Another aspect is the number of turrets. What a waste to have four turrets, which I suppose weigh two thousand tons each, when three will give a bigger punch! With three turrets the centralisation of armour against gun-fire and torpedoes can be much more intense, and the decks all the more clear for the anti-aircraft batteries. If you ask your people to give you a legend for a sixteen-inch-gun ship, I am persuaded they would show you decidedly better proportions than could be achieved at fourteen-inch. Of course, there may be an argument about gunnery control, the spread of shot, etc., with which I am not familiar. Still, I should have thought that the optimum gunnery effect could be reached with salvos of four and five alternately.
Nothing would induce me to succumb to fourteen-inch if I were in your shoes. The Admiralty will look rather silly if they are committed to two fourteen-inch-gun ships, and both Japan and the United States go in for sixteen-inch a few months later. I should have thought it was quite possible to lie back and save six months in construction. It is terrible deliberately to build British battleships costing £7,000,000 apiece that are not the strongest in the world! As old Fisher used to say, “The British Navy always travels first class.”
However, these are only vaticinations! I went through all this in bygone years, or I would not venture to obtrude it on you. I will get in touch with Chatfield as you suggest.

The First Lord in no way resented my arguments and a considerable correspondence took place between us; and I also had several conversations with him and the First Sea Lord. Before leaving the Admiralty at the end of May, 1937, Sir Samuel Hoare sent me two memoranda prepared by the Naval Staff, one dealing with battleships and the other with cruisers. The Admiralty case about battleship design was that since the Washington Treaty Great Britain had continually pressed for a reduction in displacement and size of guns on grounds of economy. It had not been possible, when the new British battleships were at last sanctioned in 1936, to throw over the treaty limitations of the fourteen-inch gun or the 35,000-ton ship. The design of the battleships of the
King George V
class had to be started before it could become known whether other Powers would accept these limits as governing the immediate future. The turrets of the
King George V
class had in fact been ordered in May, 1936. Had the Admiralty delayed decision upon design until April, 1937, only two ships would be available by 1941, instead of five. Should foreign countries go beyond the Washington limits, the designs for the 1938 programme ships, which would be complete in 1942, could take a larger scope.

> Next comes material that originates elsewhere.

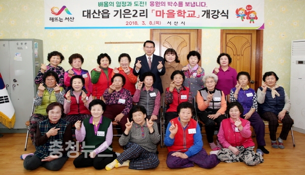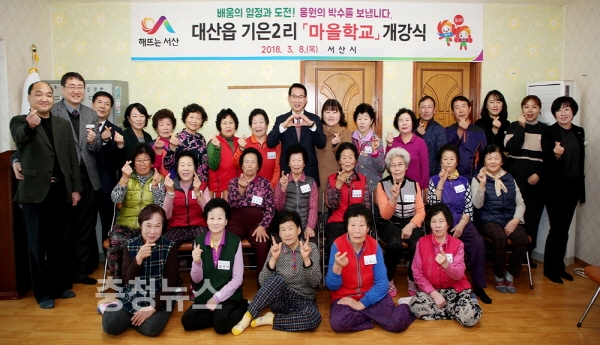 충남 서산시는 8일 배움의 기회를 놓친 17명의 어르신들 위해 대산읍 기은2리 마을회관에서 ‘마을학교’ 를 개강했다.

If, however, we should eventually be forced to go to fully balanced sixteen-inch-gun ships and not sacrifice any of the structural strength and other characteristics of the
King George V
class, there would be considerable increase in displacement. The resultant vessels could not pass through the Panama Canal and we should have to enlarge our docks as well as add to the cost of each ship. The Admiralty concurred with my preference for a ship of nine sixteen-inch-guns in three turrets, rather than one with ten fourteen-inch guns in four turrets. All their battleship designs were of ships having three “multi-gun turrets.”

After studying this long and massive paper, I recognised that we could not face the delay involved in putting larger guns in the first five battleships. The decision was irrevocable. I urged, however, that the designs for the larger guns and turrets should be completed as a precaution and that the tools and appliances necessary to adapt the gun-plants, etc., to the larger calibre should actually be made, even at considerable expense.

In my discussions with the Admiralty about battleship design, I had not appreciated the fact that they had designed and were in process of drawing-out quadruple turrets for the fourteen-inch gun, thus achieving a total of twelve guns. Had I realised this, I should have been forced to reconsider my view. The expression “multi-gun turrets” led to this misunderstanding on my part. Three quadruple turrets would have avoided many of the evils which I saw in a four-turret ship, and twelve fourteen-inch guns, though not the equal of nine sixteen-inch, were a considerable improvement in weight of metal.